Жрец, уже подготовленный к такой беседе, сначала притворился изумленным.
— Так ты не эфиопка-рабыня? Гречанка.., преданная интересам римлян? Ловко же ты притворялась!
— Это была военная хитрость…
— Я не обвиняю тебя. Всевышние боги защищают дело римлян, справедливо прославленных за их благочестие. Жрецы Геркулеса должны быть на стороне римлян, преданнейших почитателей нашего бога, в честь которого они в своих городах воздвигли шесть великолепных храмов.
— Значит, ты поможешь планам Красса? — спросила гречанка, сверкая глазами от радости.
— Постараюсь, сколько могу.., чем только могу… — ответил жрец.

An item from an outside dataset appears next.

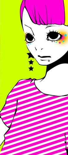 また、ファッション性や、音楽性を秘めた作品作りを心がけ、アートやデザインなど、本来イラストレーションの在るフィールドとは違うカルチャーともリンクを続けている。

Они быстро пришли к соглашению. Жрец сказал, что хотя он подвергается большим опасностям при попытке войти в город, но тем не менее пойдет туда под каким-либо благовидным предлогом; он надеялся на поддержку со стороны Мирцы: как только та придет в храм, он вместе с ней пойдет в город. Он добавил, что знает тропинку, которая ведет через обрывистые и крутые склоны к одному месту, где стены почти разрушены и откуда, даже если бы это место было сильно укреплено гладиаторами, нетрудно ворваться в город. Эвтибида обещала жрецу десять талантов в счет большого вознаграждения, которое он получит от Красса, когда дело будет сделано.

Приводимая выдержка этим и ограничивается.